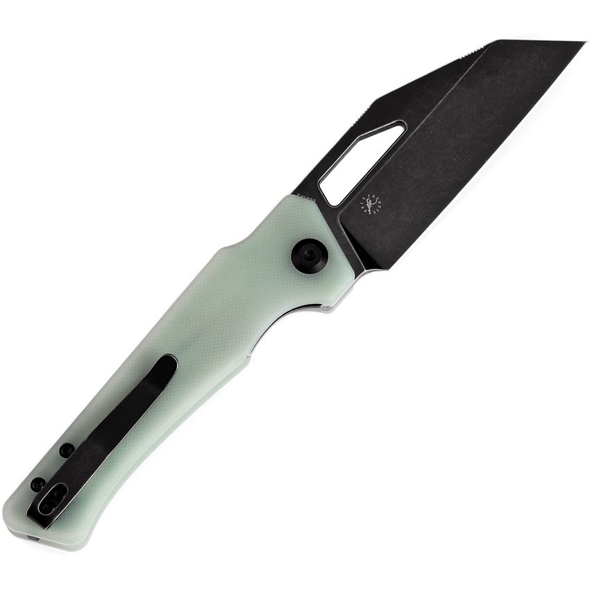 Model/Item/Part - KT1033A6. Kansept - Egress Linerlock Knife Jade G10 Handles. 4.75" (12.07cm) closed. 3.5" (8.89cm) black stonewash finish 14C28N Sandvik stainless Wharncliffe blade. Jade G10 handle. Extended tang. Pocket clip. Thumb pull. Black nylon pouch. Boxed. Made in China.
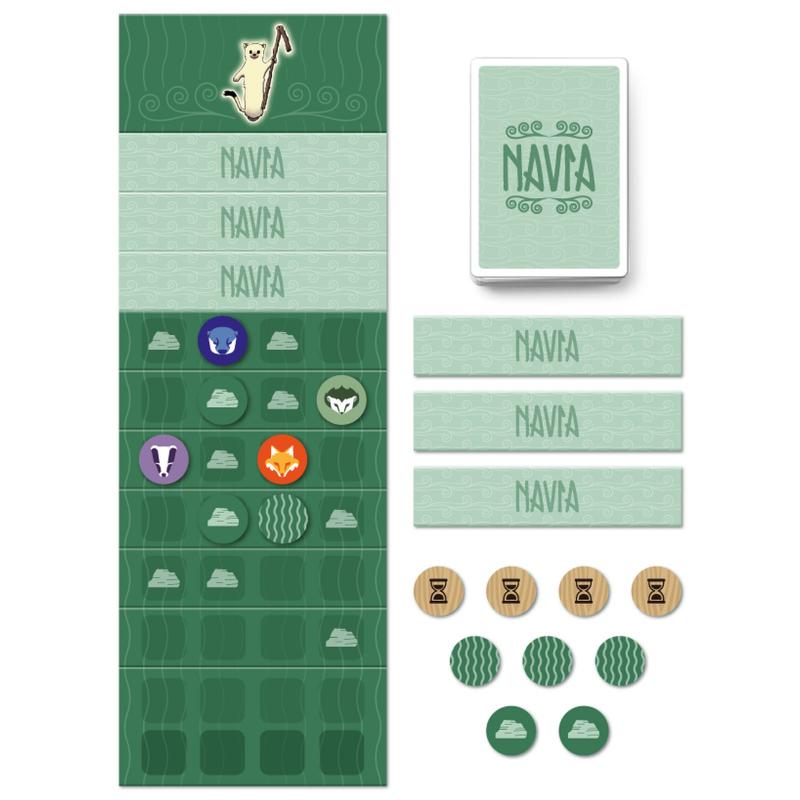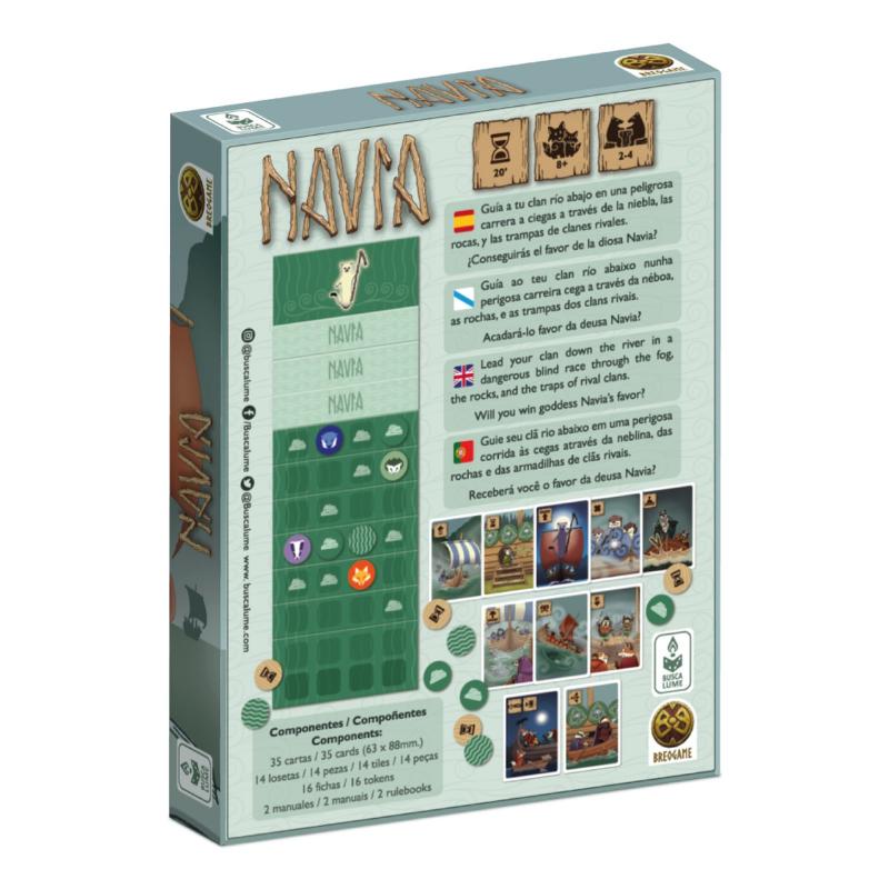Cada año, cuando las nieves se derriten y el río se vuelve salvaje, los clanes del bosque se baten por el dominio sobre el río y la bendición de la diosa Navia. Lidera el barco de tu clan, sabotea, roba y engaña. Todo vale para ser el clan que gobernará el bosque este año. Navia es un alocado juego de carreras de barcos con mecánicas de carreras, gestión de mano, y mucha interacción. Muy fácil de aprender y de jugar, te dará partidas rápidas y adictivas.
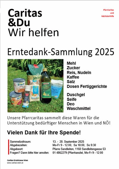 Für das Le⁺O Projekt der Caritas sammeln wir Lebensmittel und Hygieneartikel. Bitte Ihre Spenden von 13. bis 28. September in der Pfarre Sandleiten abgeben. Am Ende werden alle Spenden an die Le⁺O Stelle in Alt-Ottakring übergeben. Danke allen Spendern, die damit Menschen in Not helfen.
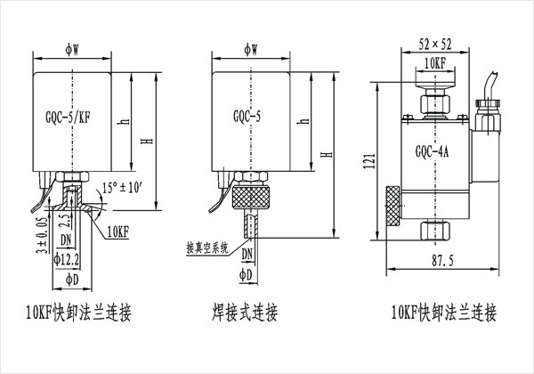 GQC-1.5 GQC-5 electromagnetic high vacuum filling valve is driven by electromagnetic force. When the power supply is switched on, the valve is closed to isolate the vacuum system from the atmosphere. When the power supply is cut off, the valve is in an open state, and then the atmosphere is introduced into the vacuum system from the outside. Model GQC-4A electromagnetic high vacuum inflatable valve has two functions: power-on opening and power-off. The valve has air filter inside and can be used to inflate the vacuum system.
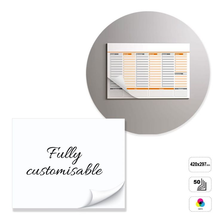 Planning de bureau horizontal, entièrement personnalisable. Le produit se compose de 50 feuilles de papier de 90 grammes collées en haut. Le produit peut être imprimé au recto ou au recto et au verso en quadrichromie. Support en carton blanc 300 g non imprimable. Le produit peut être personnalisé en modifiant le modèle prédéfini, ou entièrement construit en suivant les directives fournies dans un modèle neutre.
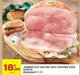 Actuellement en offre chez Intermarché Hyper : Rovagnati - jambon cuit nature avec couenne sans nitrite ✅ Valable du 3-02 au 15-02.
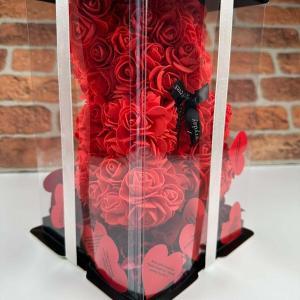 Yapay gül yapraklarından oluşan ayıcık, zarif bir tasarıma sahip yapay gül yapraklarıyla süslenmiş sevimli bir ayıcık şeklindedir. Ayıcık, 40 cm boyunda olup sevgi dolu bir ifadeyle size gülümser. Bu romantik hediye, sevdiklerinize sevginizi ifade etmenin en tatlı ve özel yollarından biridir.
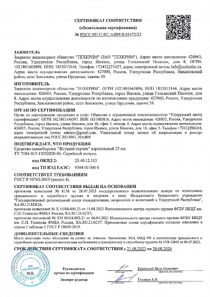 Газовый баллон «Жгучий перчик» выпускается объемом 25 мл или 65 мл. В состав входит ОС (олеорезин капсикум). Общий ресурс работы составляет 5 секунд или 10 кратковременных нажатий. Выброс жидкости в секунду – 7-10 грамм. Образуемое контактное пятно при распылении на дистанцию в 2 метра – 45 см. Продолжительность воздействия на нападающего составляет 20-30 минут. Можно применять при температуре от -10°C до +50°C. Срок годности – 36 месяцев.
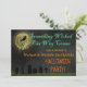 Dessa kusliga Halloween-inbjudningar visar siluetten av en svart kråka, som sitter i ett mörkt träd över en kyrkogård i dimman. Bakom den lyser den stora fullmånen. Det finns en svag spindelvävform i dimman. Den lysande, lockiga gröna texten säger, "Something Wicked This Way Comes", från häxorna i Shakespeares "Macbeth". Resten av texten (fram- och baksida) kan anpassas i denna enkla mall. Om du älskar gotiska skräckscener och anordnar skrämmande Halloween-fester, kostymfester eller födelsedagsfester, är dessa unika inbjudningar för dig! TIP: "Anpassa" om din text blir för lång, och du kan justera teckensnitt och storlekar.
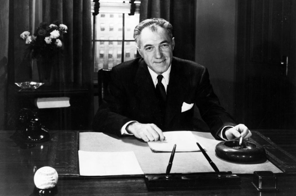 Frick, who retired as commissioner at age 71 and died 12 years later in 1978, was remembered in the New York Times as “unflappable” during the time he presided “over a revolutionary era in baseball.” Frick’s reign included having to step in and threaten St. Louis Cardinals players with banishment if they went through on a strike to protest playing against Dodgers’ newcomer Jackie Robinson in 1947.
= = = = = = =
All lines from the one that contains "Yapay gül yapraklarından" through the last line of the data should be retyped exactly, with the pictures left out.

 Yapay gül yapraklarından oluşan ayıcık, zarif bir tasarıma sahip yapay gül yapraklarıyla süslenmiş sevimli bir ayıcık şeklindedir. Ayıcık, 40 cm boyunda olup sevgi dolu bir ifadeyle size gülümser. Bu romantik hediye, sevdiklerinize sevginizi ifade etmenin en tatlı ve özel yollarından biridir.
 Газовый баллон «Жгучий перчик» выпускается объемом 25 мл или 65 мл. В состав входит ОС (олеорезин капсикум). Общий ресурс работы составляет 5 секунд или 10 кратковременных нажатий. Выброс жидкости в секунду – 7-10 грамм. Образуемое контактное пятно при распылении на дистанцию в 2 метра – 45 см. Продолжительность воздействия на нападающего составляет 20-30 минут. Можно применять при температуре от -10°C до +50°C. Срок годности – 36 месяцев.
 Dessa kusliga Halloween-inbjudningar visar siluetten av en svart kråka, som sitter i ett mörkt träd över en kyrkogård i dimman. Bakom den lyser den stora fullmånen. Det finns en svag spindelvävform i dimman. Den lysande, lockiga gröna texten säger, "Something Wicked This Way Comes", från häxorna i Shakespeares "Macbeth". Resten av texten (fram- och baksida) kan anpassas i denna enkla mall. Om du älskar gotiska skräckscener och anordnar skrämmande Halloween-fester, kostymfester eller födelsedagsfester, är dessa unika inbjudningar för dig! TIP: "Anpassa" om din text blir för lång, och du kan justera teckensnitt och storlekar.
 Frick, who retired as commissioner at age 71 and died 12 years later in 1978, was remembered in the New York Times as “unflappable” during the time he presided “over a revolutionary era in baseball.” Frick’s reign included having to step in and threaten St. Louis Cardinals players with banishment if they went through on a strike to protest playing against Dodgers’ newcomer Jackie Robinson in 1947.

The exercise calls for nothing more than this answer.